LAB 08: Pointers, Arrays, and Strings
Due 11:59pm Wednesday, November 19.
The program handin33 will only submit files in the
cs33/lab/08 directory. (You should run update33 first to set
up the directory and create any necessary files.)
Remember: You are encouraged to work with a partner.
Each program must follow these following guidelines:
- the file should be named using the name provided,
- your code should be adequately commented,
- your program should follow all input and output guidelines exactly, and
- your program should be compiled via a Makefile.
- In this first program (called maxptr.c) you will write
two functions whose prototypes are shown here:
int *max(int *a, int *b);
int *max3(int *a, int *b, int *c);
(These functions should be familiar to you -- we discussed something very similar in class on Tuesday.)
The max function has two pointers to integers as parameters
and returns the pointer that points to the larger integer.
The max3 function has three pointers to integers as
parameters and returns the pointer that points to the largest integer.
The max3 function should make use of the max
function in computing its answer.
In main, ask the user to enter three values, then increment
the largest value, and print all three values back to the user.
Here is sample output (underlined text is text entered by the user):
Enter integer values for x, y, and z: 3 8 5
The values after incrementing the largest value are:
x = 3, y = 9, z = 5
- Write a program called polar.c which will assist in
converting between Polar and Cartesian coordinates.

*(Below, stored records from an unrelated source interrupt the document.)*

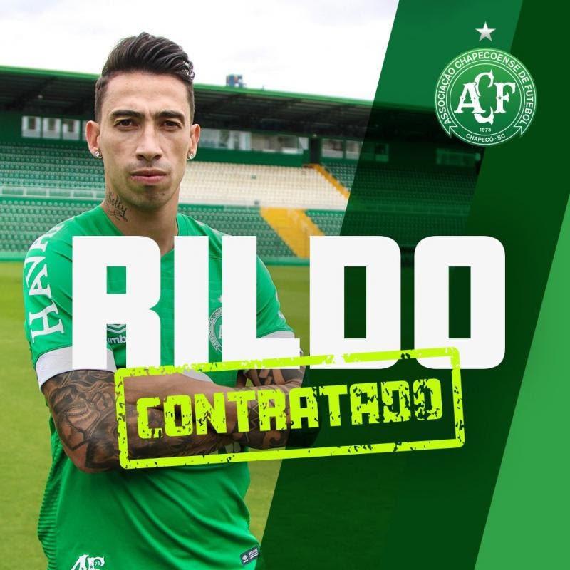 A Chapecoense oficializou o acerto com o atacante Rildo, ex-Vasco, até o final de 2019. O anúncio do jogador, que já estava na cidade desde a semana passada, foi pelas redes sociais.
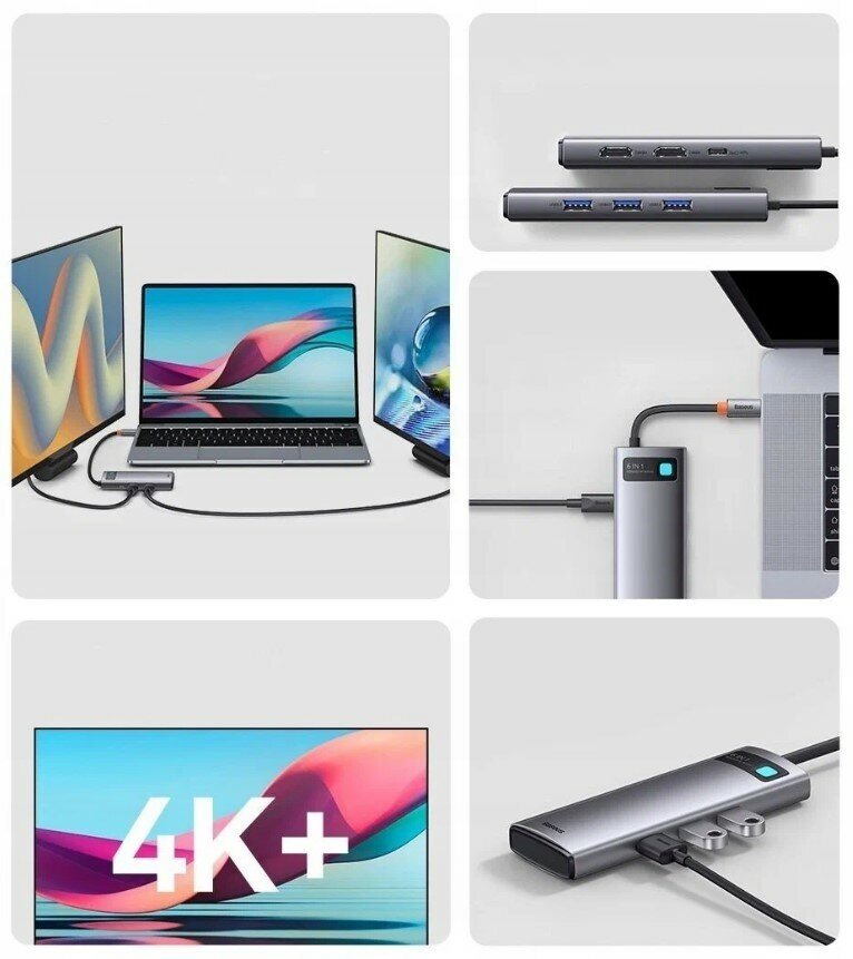 СохранитьХаб Baseus Metal Gleam Series 6-in-1 Multifunctional Type-C HUB Docking Station Gray (WKWG030113) интересное:
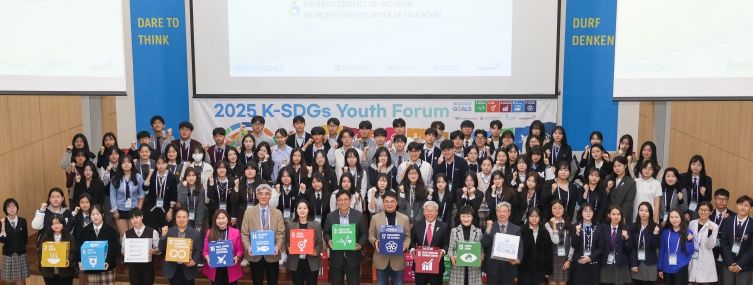 [비건뉴스=최지영 수습기자] 인천광역시교육청은 16일 겐트대학교 글로벌캠퍼스에서 ‘포스트-SDGs 시대, 청소년이 여는 지속가능발전 글로벌 어젠다’를 주제로 ‘2025 K-SDGs 청소년 포럼’을 개최했다.

If you have
forgotten what these coordinate systems are, you may want to read this
article to give yourself quick refresher.
You may want to refer to the text, section 19.2, for a discussion and
examples of structures.
This question is broken down into a number of parts.

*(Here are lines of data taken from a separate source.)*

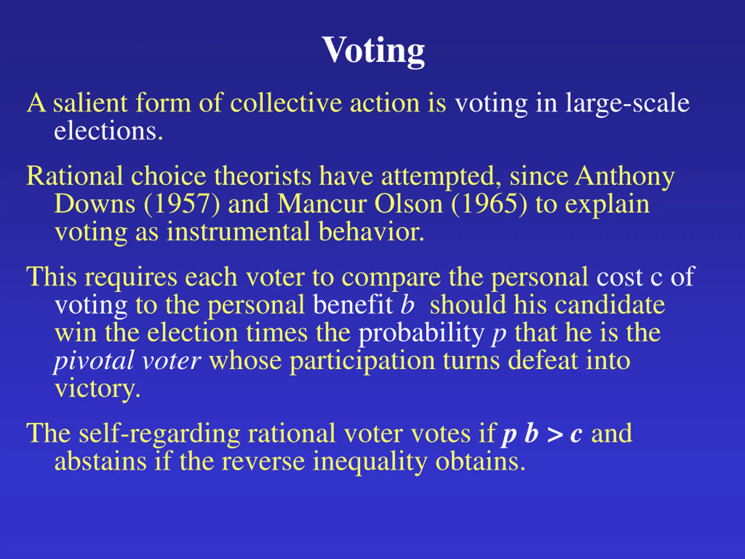 Voting A salient form of collective action is voting in large-scale elections. Rational choice theorists have attempted, since Anthony Downs (1957) and Mancur Olson (1965) to explain voting as instrumental behavior. This requires each voter to compare the personal cost c of voting to the personal benefit b should his candidate win the election times the probability p that he is the pivotal voter whose participation turns defeat into victory. The self-regarding rational voter votes if p b > cand abstains if the reverse inequality obtains.
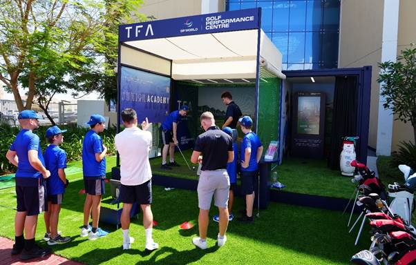 The Tommy Fleetwood Academy is leading the charge to inspire young people to take up the game of golf in Dubai thanks to a partnership with DP World, recycling a shipping container into a mobile golf studio that is taken to local schools to deliver get-into-golf sessions.
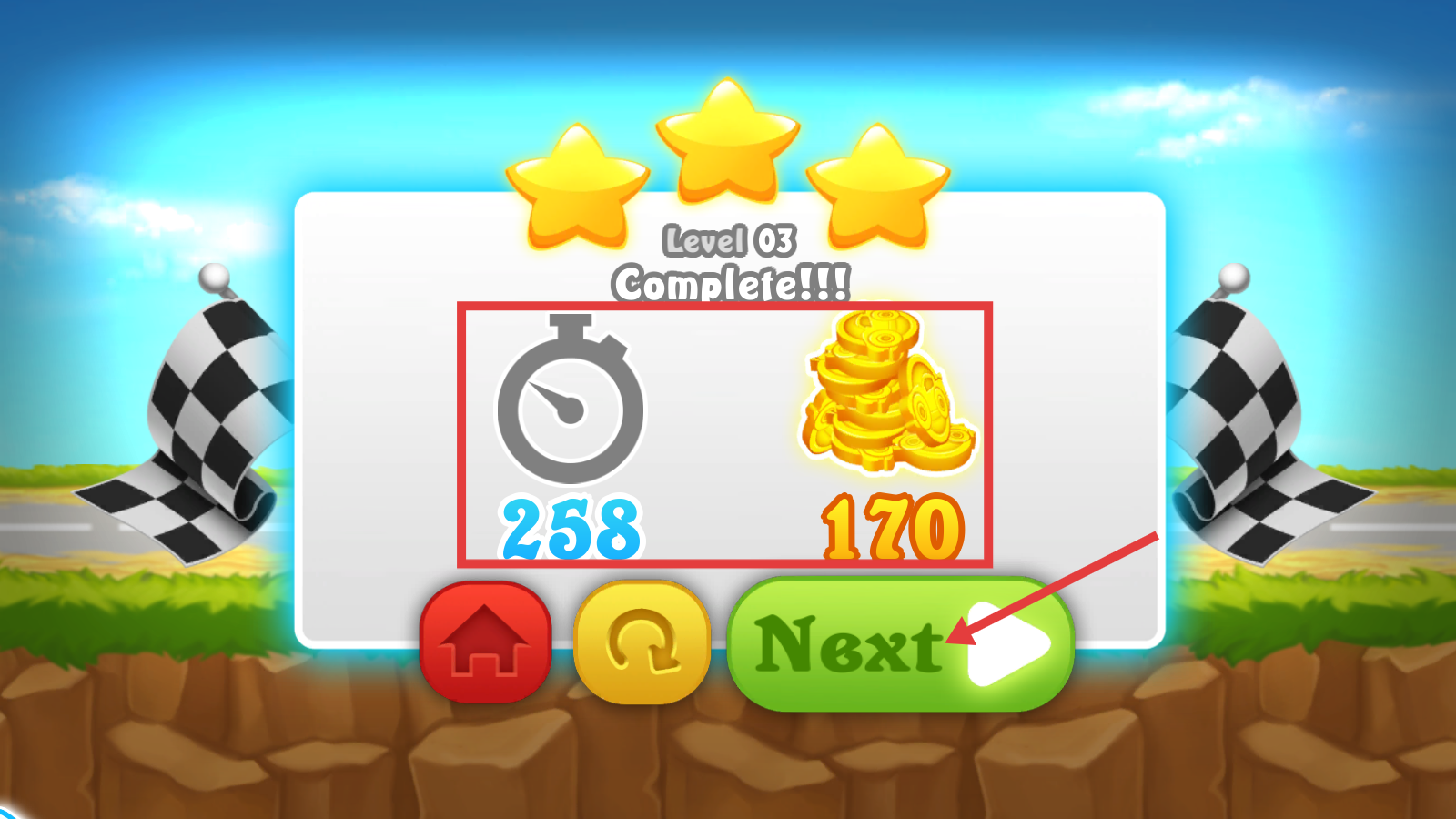 4、成功完成第3关后,会获得三星评价,还能得到【258】时间记录和【170】金币奖励,点击绿色【Next】按钮可进入下一关。

- Use typedef to create a new type called Cartesian. The type Cartesian is struct with two floating point values, x and y, which represents an (x, y) point in the Cartesian coordinate system.

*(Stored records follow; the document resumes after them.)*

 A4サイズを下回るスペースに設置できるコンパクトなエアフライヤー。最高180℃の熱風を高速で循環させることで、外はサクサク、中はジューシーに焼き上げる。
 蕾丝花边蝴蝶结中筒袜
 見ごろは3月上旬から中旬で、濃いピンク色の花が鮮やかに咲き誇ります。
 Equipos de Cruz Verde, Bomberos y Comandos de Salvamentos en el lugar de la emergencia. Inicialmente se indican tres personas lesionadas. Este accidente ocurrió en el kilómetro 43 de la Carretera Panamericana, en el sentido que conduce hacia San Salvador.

- Use typedef to create a new type called Polar.
The type Polar is struct with two floating point
values, r and theta, which represents an (r,
θ) point in the Polar coordinate system.
- Write the following three functions specified by their prototypes:
float sqr(float n);
Polar toPolar(Cartesian c);
Cartesian toCartesian(Polar p);
- The function sqr(n) returns n squared
- The function toPolar(c) converts a Cartesian point (x, y) into a Polar point (r, θ) using:
r = sqrt( x2 + y2 ) /* use your sqr function */
θ = atan2f( y, x ) /* see note below */
(Note: atan2f and sqrt are part of math.h and requires you compile your code with the -lm flag.)
- The function toCartesian(p) converts a Polar point (r, θ) into a Cartesian point (x, y) using:
x = r * cos(θ)
y = r * sin(θ)
- Into main, add some simple test code that allows users to enter Cartesian and Polar points and shows their conversion. Below, underlined text is text entered by the user:
Enter a Cartesian point: 1 1
Cartesian (1.000000, 1.000000) == Polar (1.414214, 0.785398)
Enter a Polar point: 5 1.5708
Polar (5.000000, 1.570800) == Cartesian (-0.000018, 5.000000)
- In this program (called selection.c) you will write
a program that sorts an array of integers using Selection Sort.
In Selection Sort, the values of an array are sorted (from
smallest to largest) by using the following algorithm:
- Set i = 0
- Find the smallest element in the portion of the list from i to the end.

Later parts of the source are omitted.